A motorised scooter is travelling along a straight path with velocity $v$ m/s over time $t$ seconds as shown by the following graph - AQA - A-Level Maths Mechanics - Question 14 - 2021 - Paper 2

The coordinates at $t=12$ are $(12, 5.8)$ and at $t=20$ are $(20, 5.2)$.

Area of trapezium: $A_1 = \frac{1}{2} \times (b_1 + b_2) \times h = \frac{1}{2} \times (5.8 + 5.2) \times (20 - 12) = \frac{1}{2} \times 11 \times 8 = 44$

The coordinates at $t=20$ are $(20, 5.2)$ and at $t=30$ are $(30, 6.2)$.

Area of trapezium: $A_2 = \frac{1}{2} \times (5.2 + 6.2) \times (30 - 20) = \frac{1}{2} \times 11.4 \times 10 = 57$

The coordinates at $t=30$ are $(30, 6.2)$ and at $t=36$ are $(36, 6.0)$.

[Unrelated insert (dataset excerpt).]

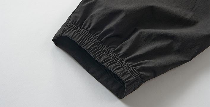 機能性とデザイン性を追求するために、縫製パターンをミリ単位で調整。また、裾にはばたつかないゴム絞りデザインを採用しています。細身でありながらも動きやすい、機能美あふれる一着です。

Area of trapezium: $A_3 = \frac{1}{2} \times (6.2 + 6.0) \times (36 - 30) = \frac{1}{2} \times 12.2 \times 6 = 36.6$

The coordinates at $t=36$ are $(36, 6.0)$ and at $t=41$ are $(41, 6.0)$.

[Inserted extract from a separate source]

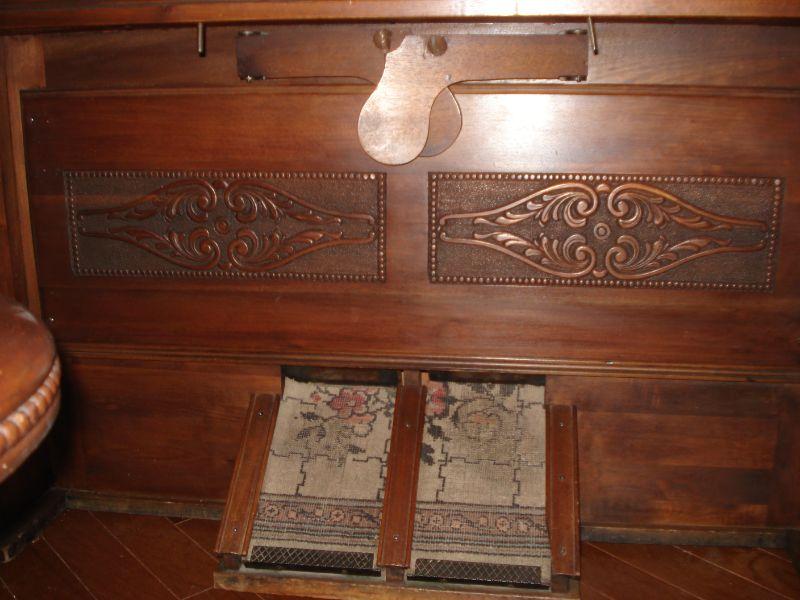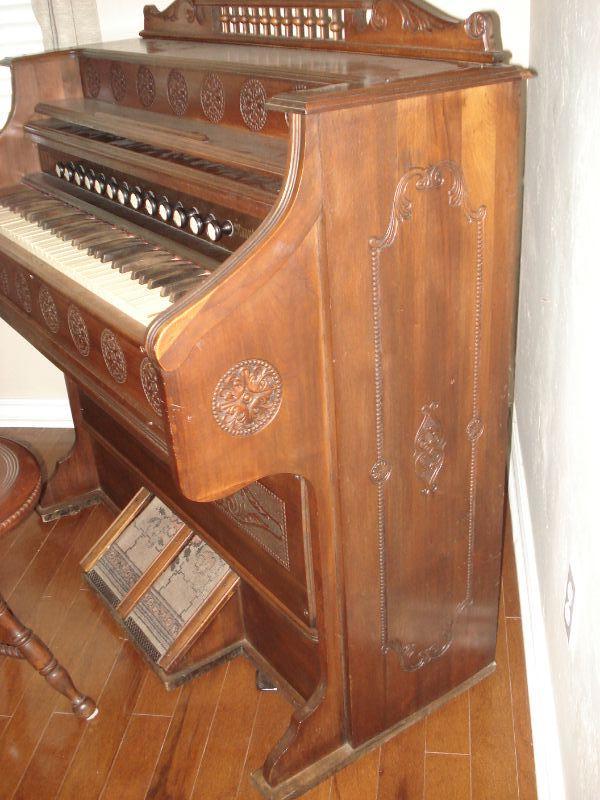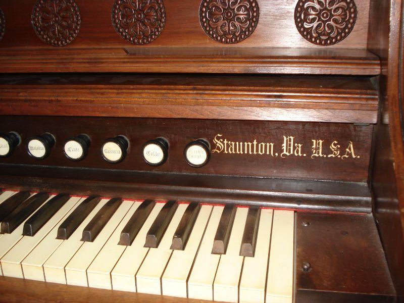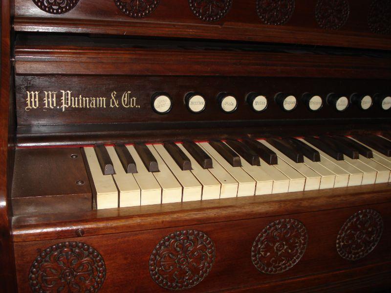 Antique working Pump Organ with stool made by W.W. Putnam & Company, Staunton, PA U.S.A. it measured 45" wide by 20" deep. Has beautiful decoration all over it. A definite conversation piece that would look good in any room.

Area of trapezium: $A_4 = \frac{1}{2} \times (6.0 + 6.0) \times (41 - 36) = \frac{1}{2} \times 12 \times 5 = 30$

Now we sum the areas of all trapeziums: $\text{Total Area} = A_1 + A_2 + A_3 + A_4 = 44 + 57 + 36.6 + 30 = 167.6$

Noosha estimated that the scooter travelled approximately 130 metres. The calculated total area (distance) of 167.6 metres indicates that Noosha's estimate is incorrect.